Saturday, May 7, 2011

Getting A Mortgage After Foreclosure

  If you are looking to finance a home purchase after a Foreclosure, you will need to know some important details before making application. We will cover Short Sales and Deeds in Lieu of Foreclosure in another post

First, it is important to know how lenders define a Foreclosure.

Foreclosure:     When a creditor (Lender/Bank) repossess/takes back a home that had a mortgage/note that was not being paid for a specified period of time.

  Once the Deed and Title to the property is reassigned to the Lender/Bank that held the note/mortgage on that property we have a Foreclosure. In some states the Lender/Bank must go through the court system and formally serve the owner with a notice of intent to foreclose; sometimes referred to as a “Lis Pendens.” If the owner is able to sell the home either through a short sale or regular sale, before the Foreclosure is complete, it is not considered a Foreclosure; it is considered a Pre-Foreclosure Sale and not part of the following rules and guidelines.

The following rules and guidelines are currently in place as of the publishing of this post. We will do our best to keep this post updated as changes are made. The easiest way to break this down will be by Loan Type. As always, if you have specific questions please email or phone us.

CONVENTIONAL FINANCING

  Currently there is a SEVEN year waiting period for borrowers with a Foreclosure on their credit to qualify for Conventional (non-Government) loan programs. The seven years are calculated from the date ownership was transferred. This would be the date that the new Deed was filed showing that the Lender/Bank officially owned the property.

  For those borrowers that had experienced an “Extenuating Circumstance” the timeline is reduced to THREE years. The definition of an Extenuating Circumstance is “ Non-Recurring and was beyond the applicants control which resulted in a sudden, significant and prolonged reduction in income or a catastrophic increase in financial obligations.” Divorce and the impact of the economy are generally not acceptable reasons. I say generally because in some situations a case can be made.

  For those borrowers that are past the Seven or qualify for the Three year waiting period; re-establishing credit is mandatory.
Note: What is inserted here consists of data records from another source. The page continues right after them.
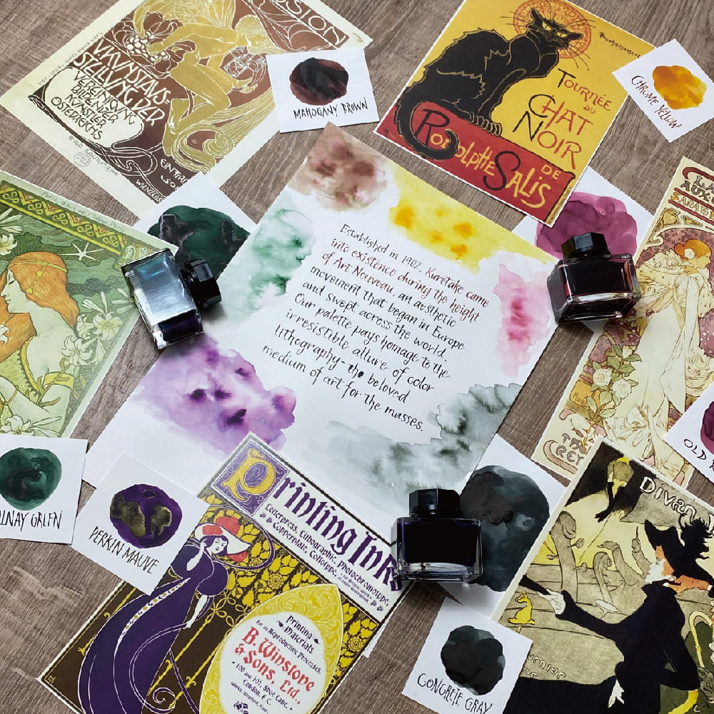 Gebruik Kuretake Ink Café Art Nouveau Zsolnay Green voor florale illustraties, botanische motieven, sierlijke kalligrafie of Art Nouveau- en fantasy-geïnspireerde ontwerpen, Ook voor cosplay- en fantasyontwerpers is deze inkt ideaal om conceptschetsen, ornamenten en decoratieve details een natuurlijke en artistieke uitstraling te geven,
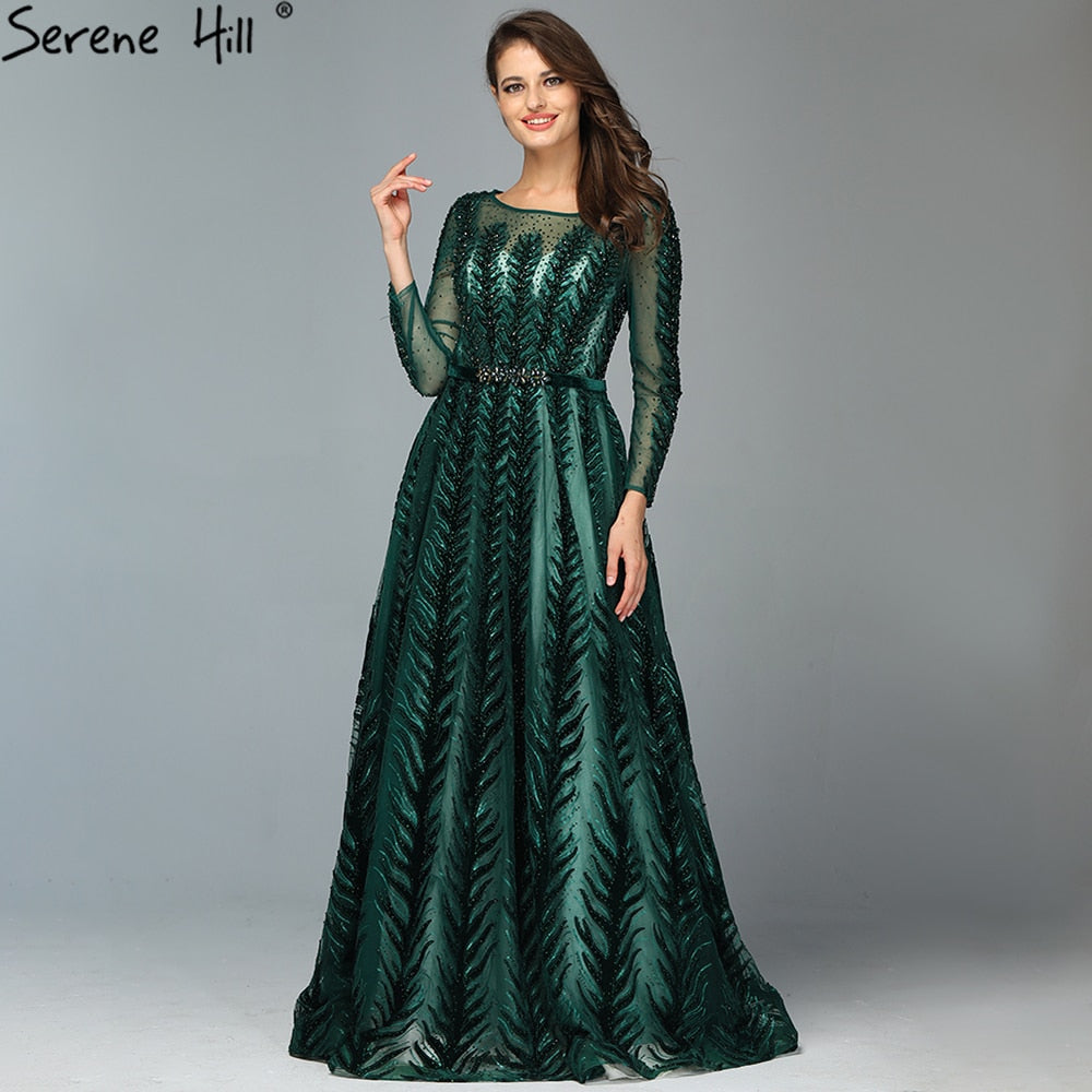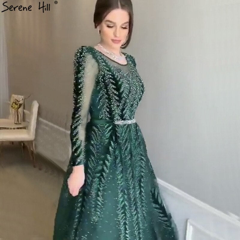 Dubai Design Green Long Sleeves Evening Dresses 2025 O-Neck Beading Sequined A-Line Formal Dress LA70040
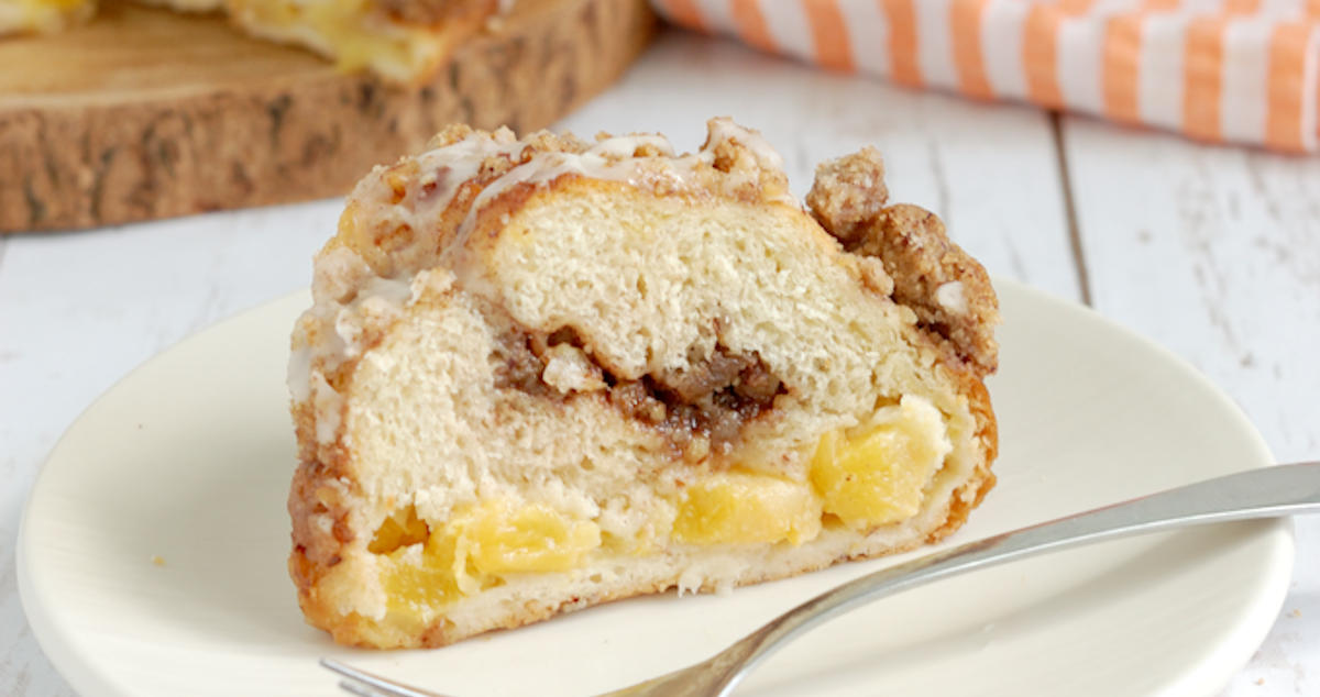 #Streusel Coffee Cake | Peach Coffee Cake made with yeast dough & layered with pecan streusel & peaches. Learn the special technique to create distinct layers of peach & streusel.
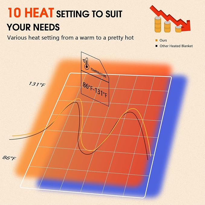 - Safe and Reliable-10 Heating levels for different people needs.and the blanket warmer has the recognized ETL authority certification and FCC certification, and has the overheating protection function. When you are busy with other things and forget to turn off the electric throw blanket ,the overheat protection will automatically trigger the automatic shutdown of the heating, preventing the fire danger, to protect the safety of you and your family

Here are the points to keep in mind:

       Credit must be up to date as of the date of application
       Minimum of 4 Credit References open for 24 months
                1 Must be a Traditional Credit Source – ie: Credit Card or Car Payment
                1 Must be Housing Payment – ie: Rent
                2 References may be Non-Traditional – ie: Auto Insurance or Cell Phone
       No more than two 30 Day Late payment over the past 24 months
       No Late Housing/Rent Payments since the date of Foreclosure
       No New Judgments, collections, garnishments, liens or foreclosures since Foreclosure


FHA FINANCING

  Currently there is a THREE year waiting period for borrowers with a Foreclosure on their credit to qualify for FHA loan programs. The three years are calculated from the date ownership was transferred. This would be the date that the new Deed was filed showing that the Lender/Bank officially owned the property.

    For those borrowers that had experienced an “Extenuating Circumstance” an exception can be granted at any time within the Three year waiting period. For FHA, Extenuating Circumstance includes “serious illness or death of a household wage earner, but does not include the inability to sell the house due to a job transfer or relocation to another area.”

  The re-establishment of credit is necessary for borrower within the Three year waiting period.


VA FINANCING

   With VA guidelines the existence of a previous foreclosure does not disqualify the loan by itself. However, it has been our experience, that qualifying within 24 months has been difficult to accomplish. The VA has the following rules for qualifying inside the 24 month window:

    Applicant or Spouse has re-established credit since the date of Foreclosure
    and can show that the foreclosure was caused by extenuating circumstances
    beyond their control.

    Divorce is not generally viewed as being beyond the control of the applicant or spouse


  We hope you found this easy to understand. While it is as complete as possible in this format, there are other nuances that need to be taken in to consideration. We are happy to answer any specific questions you may have or assist you in obtaining financing.



1 comment:

  1. Excellent article!

    I know for a fact that there is a lot of confusion out there regarding this topic and you have succinctly cleared it up.